Attentive à l'inconnu, Émilie Allard crée des ensembles à partir d'une variété d'informations issues de son environnement. Par parenté formelle ou liés par la pensée, elle les assemble en fratrie visuelle. Son travail est électrisé par l'absence de certitude à laquelle l'humanité est confrontée. 
Allard regarde le monde à travers le prisme de la limite, ainsi qu'à travers l'expérience et le constat de la fusion ou de l'exclusion entre langage, matière et images. Ce faisant, elle puise de l'inspiration dans les discours psychanalytique, linguistique et philosophique. Ce qui se retrouve dans l'espace oscille entre possibilités limitées de la matière et charge signifiante des objets.

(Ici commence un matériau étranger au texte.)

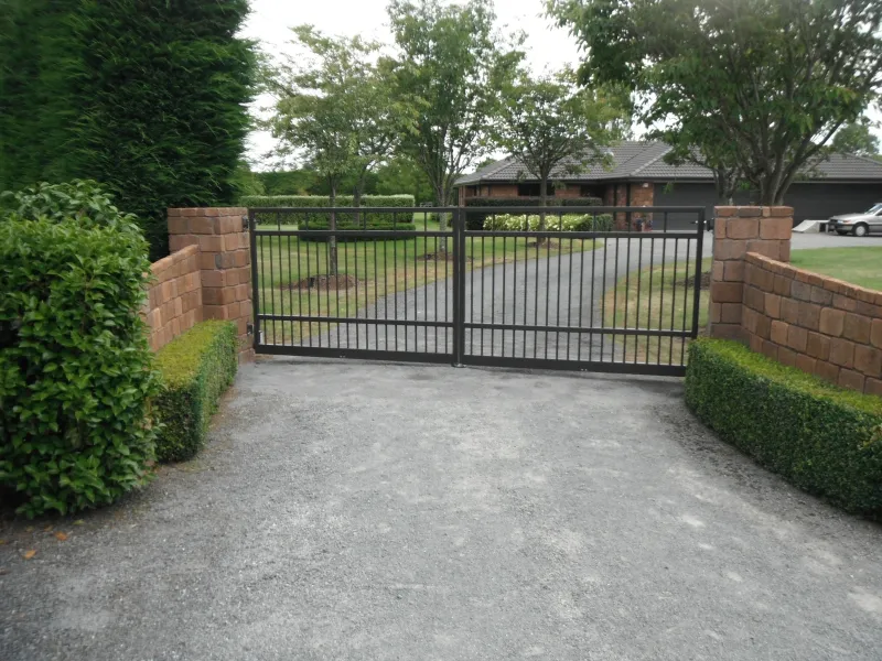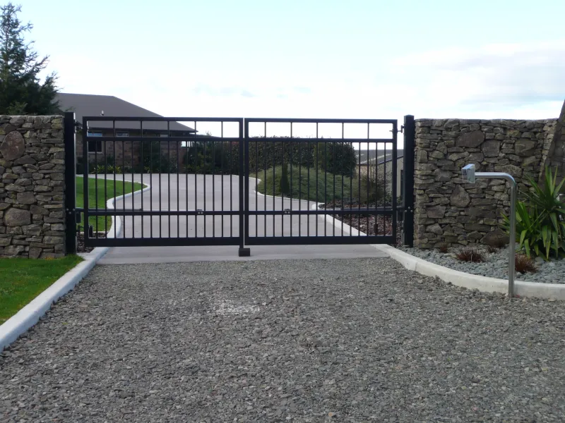 Manor Double Swing gates come with a set (4, 2 for each side) of our standard adjustable steel hinges.

Vertige, sculpture, mots, photographie et dessin sont ses outils de travail.
C'est elle-même qui le dit: Pointant vers ce qui se dérobe, l'effort sérieux et grave de l'entreprise frôle pourtant la blague et la grimace et finit contraint dans une phrase esthétique visuelle ou verbale imparfaite quoique possiblement efficace. Quant aux ressorts politiques et sociaux qui la préoccupent et sous-tendent ses intentions, ils n’apparaissent pas nécessairement de manière évidente dans les objets. Allard déplore et adore qu'un moment arrive toujours dans la conception des pièces où ces facteurs conceptuels fondateurs se dissolvent complètement dans l’objet qui lui continue de naître et d’assumer sa propre forme. Chaque pièce est marquée du sens que l'artiste croyait produire, bien qu'il finisse toujours par s’estomper pour laisser les objets pourtant faits de ce langage vivre et rayonner silencieusement dans l’espace.

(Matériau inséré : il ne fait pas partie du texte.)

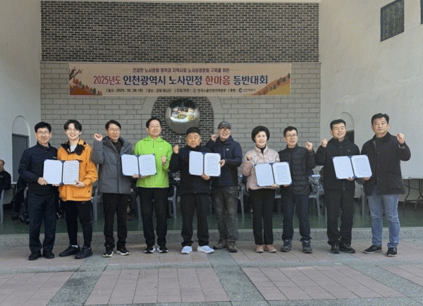 ÇÑÆí, À̹ø Çà»ç¿¡´Â ³ë¡¤»ç¡¤¹Î¡¤Á¤ ´ëÇ¥ 360¸íÀÌ Âü¼®ÇØ °øµ¿ ¼±¾ð¹®À» äÅÃÇϰí, ¸¶´Ï»ê µî¹ÝÀ¸·Î ÈÇÕÀ» ´ÙÁ³´Ù. ÁÖ¿ä ³»ºóÀ¸·Î´Â ÁߺÎÁö¹æ°í¿ë³ëµ¿Ã» ±èÀ±Å ûÀå, ÀÎõÁö¹æ³ëµ¿À§¿øÈ¸ ¹Î±æ¼ö À§¿øÀå, Çѱ¹³ëÃÑ ÀÎõÁö¿ªº»ºÎ ±è¿µ±¹ ÀÇÀå, ÀÎõ°æ¿µÀÚÃÑÇùȸ ±èÇѹ衤¿À¿øº¹ ºÎȸÀå, ±èÇö±Ô ÁߺΠ³ë»ç¹ßÀüÀç´Ü Áö»çÀå, ±èÁøÅ ÀÎõ½Ã °æÁ¦»ê¾÷º»ºÎÀå µîÀÌ ÀÚ¸®Çß´Ù.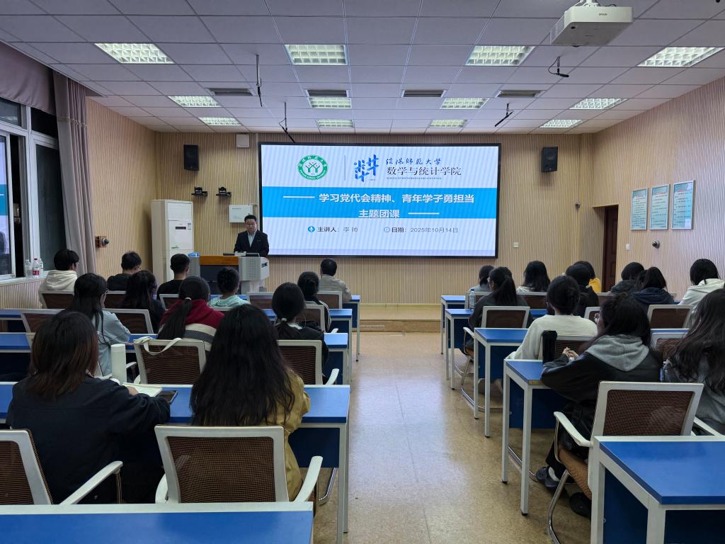 10月14日, 自慰a片 在数学楼507教室举办了“学习党代会精神 青年学子勇担当”主题团课。团课由学院团委书记李帅主讲,全体学生会干部参加。

Artiste et poète, Émilie Allard détient un baccalauréat en design graphique de l'Université du Québec à Montréal (2015) et une maîtrise en sculpture de l’Université Concordia (2023). En plus de sa pratique individuelle, elle a collaboré avec des chorégraphes et des danseuses et a fait partie d'un collectif multidisciplinaire. Son travail individuel et collectif a été présenté à plusieurs reprises, notamment au Centre Clark, au Festival international de littérature, à Tangente, à Arsenal art contemporain, à Espace Projet et à la Maison de la culture du Plateau. Comme poète, elle a été sélectionnée au concours de poésie 2018 de Radio-Canada et elle a publié Carbone scopique au Lézard amoureux en 2021; un deuxième recueil est prévu pour 2024 ainsi qu'un texte dans la revue Estuaire. Elle a complété une résidence au Lieu unique, à Nantes, grâce au Conseil des arts et des lettres du Québec entre novembre 2022 et janvier 2023.